Rumah tangga di Tiongkok telah kehilangan $18 triliun sejak krisis properti pada tahun 2021, yang menyebabkan jutaan rumah tidak terjual dan triliunan dolar berhutang kepada pemerintah daerah. Selain itu, permintaan domestik yang masih lemah pada tahun 2024, mendorong para pembuat kebijakan Tiongkok untuk mempertimbangkan langkah-langkah dan insentif untuk merangsang pertumbuhan konsumsi pada tahun 2025. Namun, hal ini mungkin tidak membantu.
Perang dagang pasca Donald Trump menguasai AS akan berdampak pada pertumbuhan ekspor Tiongkok. Presiden terpilih Trump telah mengumumkan rencana untuk mengenakan pajak perdagangan baru dan tarif minimal 60 persen terhadap impor Tiongkok. Hal ini akan memberikan dampak negatif yang serius terhadap perekonomian Tiongkok yang sudah lesu akibat beberapa permasalahan dalam negeri, terutama ambruknya sektor properti.
Perekonomian Tiongkok sedang berjuang untuk pulih setelah COVID-19 menghantam banyak sektor utama negara tersebut. Perdagangan dengan AS sangat penting bagi pemulihan ekonomi, karena perdagangan bilateral mencapai $575 miliar, sementara AS mengalami defisit $279 miliar. Ada spekulasi bahwa Beijing mungkin tidak akan membalas tarif Trump karena kelebihan kapasitas dan lemahnya permintaan domestik.
Menurut Institut Studi Kebijakan Internasional Italia (ISPI) yang berbasis di Milan, tahun 2025 sangat penting bagi Tiongkok, karena arah ekonominya akan bergantung pada bagaimana Tiongkok berinteraksi dengan kebijakan Trump, yang dapat memengaruhi ekspor – Tiongkok adalah satu-satunya faktor pertumbuhan di negara tersebut. konteks faktor internal yang lesu.
“Ketidakpastian mengenai keadaan perekonomiannya semakin meningkat di tengah kekhawatiran bahwa masa Tiongkok sebagai mesin perekonomian dunia akan berakhir pada tahun 2025,” katanya.
S&P Global juga mengatakan perekonomian Tiongkok akan terpengaruh oleh hambatan perdagangan AS, karena prospek ekonomi Tiongkok untuk tahun 2005 akan ditentukan oleh kebijakan perdagangan AS selain langkah-langkah stimulus.
“Jelas ekspor dan investasi akan menurun.

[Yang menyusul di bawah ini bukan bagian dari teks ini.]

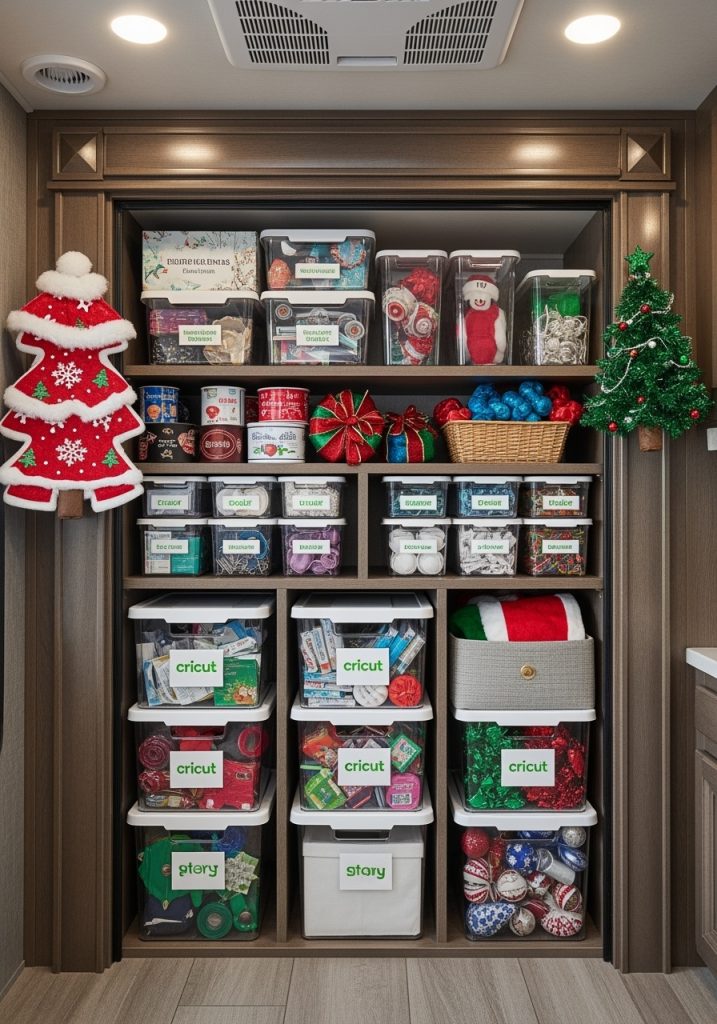 Design storage systems specifically for seasonal decorations, holiday items, and special occasion decor using labeled containers and organization aids. Seasonal decoration adds joy to RV living but requires efficient storage solutions for practical management.
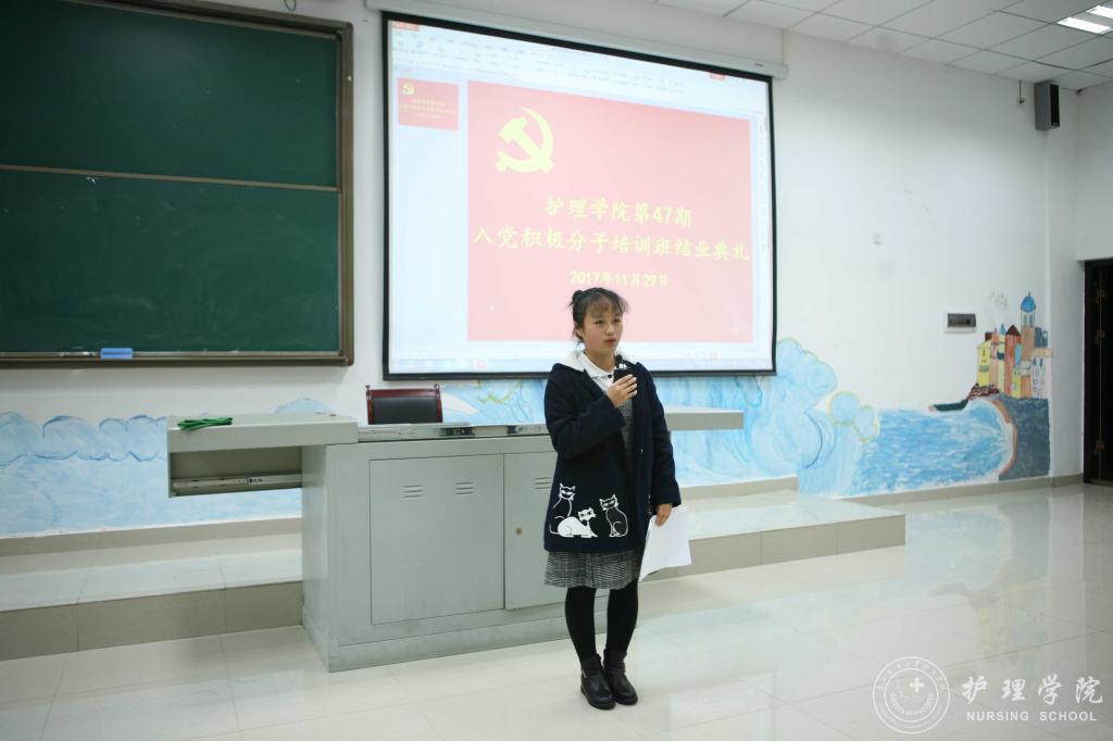大会开始,全体起立,奏唱《国际歌》。接着,BEAT365英国官网党委副书记杨英代表学院党委向顺利结业的全体学员表示热烈祝贺,向为本期培训班辛勤付出的老师们表示衷心的感谢!杨英指出,BEAT365英国官网党委高度重视本期培训班的各项工作,经过老师和同学们的共同努力,圆满地完成了预定的培训任务。这次培训班课程安排合理,内容丰富,办得非常成功,有以下几点是值得肯定的:一是培训内容丰富,主题突出。二是培训方式多样,亮点突出。三是培训时间集中,效果突出。同时,杨英就同学们如何在实践中巩固和扩大培训成果,不断成长进步,提了几点希望:一是希望同学们继续加强理论学习,提升政治理论素养。二是希望同学们进一步明确人生目标,坚定理想信念。三是希望同学们进一步端正入党动机,主动接受党组织的教育和考验。四是希望同学们坚持学以致用,以实际行动争取早日入党。紧接着,2016级护理学乙班的程娅同学代表优秀学员进行交流发言,分享了自己的学习收获,并代表本期入党积极分子对自己的思想、学习等方面提出了新的目标和更高的要求。最后,BEAT365英国官网学生党支部副书记马景瑶宣读了学院对14名优秀学员的表彰决定,BEAT365英国官网党委副书记杨英为优秀学员颁发了荣誉证书,并合影留念。
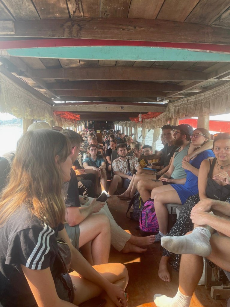 Thankfully it did, so we got what we needed and headed down to the café we had been at the day previous. Here we got some banana pancakes for breakfast and some sandwiches made up to take with us on the boat. Shortly after 9am we went down to the boat and got our bags loaded on. Our seats were at the front which was where all the big bags were being put on, so we waited until nearer the departure time to get onboard. Cosy would be an understatement for the seating arrangements! I should explain that the seats on board are old bus seats that are just set in the boat so if you move they move which can prove to be a bit of a problem! We were all piled on and there were still a lot of people turning up to board the boat. They ended up boarding another boat and thankfully some people from our boat also moved so this gave us a little more room to spread out.

Dampaknya terhadap investasi akan terjadi bahkan sebelum tarif AS diberlakukan, yang sebagian disebabkan oleh meningkatnya ketidakpastian. “Efeknya terhadap lapangan kerja, pendapatan, dan kepercayaan akan mempengaruhi konsumsi,” ujarnya.
Halaman selanjutnya
Bahkan Bank of China (BOC) menyatakan keprihatinannya atas tidak meratanya pemulihan perekonomian karena menyoroti permasalahan terkait penurunan ekspor dan penurunan konsumsi domestik. “Dalam hal tantangan, permintaan semakin tidak mencukupi, real estate semakin merosot, dan kepercayaan serta ekspektasi pasar masih lemah,” katanya dalam laporan mengenai prospek ekonomi dan keuangan Tiongkok.